The next section describes the rather unusual way in which magic works on Arthad, a system of Symmetry (arcane) and Harmony (divine) spellcasting. To start with, it's pretty rare stuff. Arcane spellcasters are viewed with suspicion if not outright hostility; while they themselves have to struggle with a land where magical 'background power' clumps around ancient ruins and invisible lines of force - if you are in the right place your spells work better... a Spellcraft check is necessary to find the best place to stand. Divine spellcasters don't have an easy time of it either: to start with the gods left the world several thousand years ago and so aren't around to call upon any more. Certain esoteric Brotherhoods have discovered that the 'essence' of various gods can be tapped into by the veneration of, for example, red roses or moonlight, however; and these people have kept the traditions of divine magic alive.

Next come a collection of spells, feats and skills that may be learned by Arthad characters. Many of the spells and feats relate to the use of Symmetry and Harmony magic, although some of the feats are of more general application and could be used in any campaign whether or not it is set in Arthad.

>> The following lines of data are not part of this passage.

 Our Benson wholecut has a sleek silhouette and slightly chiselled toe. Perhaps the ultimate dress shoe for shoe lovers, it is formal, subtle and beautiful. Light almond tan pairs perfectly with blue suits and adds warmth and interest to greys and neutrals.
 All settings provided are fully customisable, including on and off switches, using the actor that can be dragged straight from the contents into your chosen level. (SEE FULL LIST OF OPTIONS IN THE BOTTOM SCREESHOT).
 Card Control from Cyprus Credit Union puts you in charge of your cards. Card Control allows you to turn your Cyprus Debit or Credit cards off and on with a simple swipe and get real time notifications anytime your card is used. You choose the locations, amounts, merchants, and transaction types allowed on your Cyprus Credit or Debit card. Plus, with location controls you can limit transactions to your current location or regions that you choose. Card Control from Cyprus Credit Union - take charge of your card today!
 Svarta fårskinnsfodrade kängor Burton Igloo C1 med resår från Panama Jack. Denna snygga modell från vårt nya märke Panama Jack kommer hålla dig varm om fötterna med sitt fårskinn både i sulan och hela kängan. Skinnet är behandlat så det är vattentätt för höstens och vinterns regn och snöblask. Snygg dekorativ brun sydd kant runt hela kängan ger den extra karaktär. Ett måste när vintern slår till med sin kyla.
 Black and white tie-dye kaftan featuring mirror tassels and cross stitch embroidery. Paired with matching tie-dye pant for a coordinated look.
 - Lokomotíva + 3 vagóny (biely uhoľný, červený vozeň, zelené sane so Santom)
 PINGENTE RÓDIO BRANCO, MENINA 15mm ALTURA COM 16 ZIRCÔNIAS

This is followed by details of the world of Arthad, and of the kingdoms therein. Each is described in terms of geography, history and notable individuals to be found there, with sidebars covering such as important institutions and other things typical of the kingdom under discussion. Reading this should give a player sufficient knowledge of what is going on to be able to play a character in Arthad with confidence.

One organisation is gone into in considerable detail - the Shadow Academy of the Kingdom of Nath. This is where the race most talented at spying trains their very best. There's a beautiful full-page map and an outline of the training programme. Unlike most of the book, this is possibly best left unread except by the DM and players whose characters have attended the Academy. Let the rest speculate about what goes on behind those grey walls!

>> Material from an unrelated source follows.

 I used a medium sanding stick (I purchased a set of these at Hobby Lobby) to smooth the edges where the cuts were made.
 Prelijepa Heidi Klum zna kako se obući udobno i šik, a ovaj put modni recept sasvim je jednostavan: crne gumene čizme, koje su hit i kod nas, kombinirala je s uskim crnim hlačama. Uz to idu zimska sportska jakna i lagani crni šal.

Three monsters follow, all unique to Arthad. The Mist Spirit is, rather confusingly, a giant humanoid and not a spirit at all although their grey fur and the fact that they are surrounded by swirling freezing mists does serve to make the strange name understandable. Frost Dogs are small canines with a talent for tracking. Finally, there is the Blazing Tiger - a single Outsider brought to an ancient temple by Symmetry magic. Wreathed in magical pale blue flames, she is the focal point of the adventure... called "The Burning Tiger."

This adventure takes the characters to a long-lost ancient temple dedicated to one of the gods that has deserted Arthad, being tempted in by rumours of a powerful magical sword. Like spellcasters, magical items are very rare on Arthad, so a powerful one is well worth the having. A couple of sample PCs are provided, but of course it can equally well be run with your own characters. While it draws heavily on the unique nature of Arthad magic, the adventure could be run in another setting with a little modification (and notes are provided to guide you in this should you so wish.). It's a straightforward quest to retrieve the weapon, but with the added twist of Symmetry magic which riddles the ancient temple.

Finally, there is a map of Arthad. It's spread over 2 pages, which means that you either need to be very adept in a graphics package or will have to print it out and stick the paper together. It's quite good-looking, and has a mediaeval feel that means that it could make a good hand-out once you have got around the 2-page problem.

Overall, it's a good introduction to the world of Arthad, but due to the presence of the Shadow Academy and the adventure one best kept by the DM with selected portions being printed out for the players rather than them being allowed free access to it.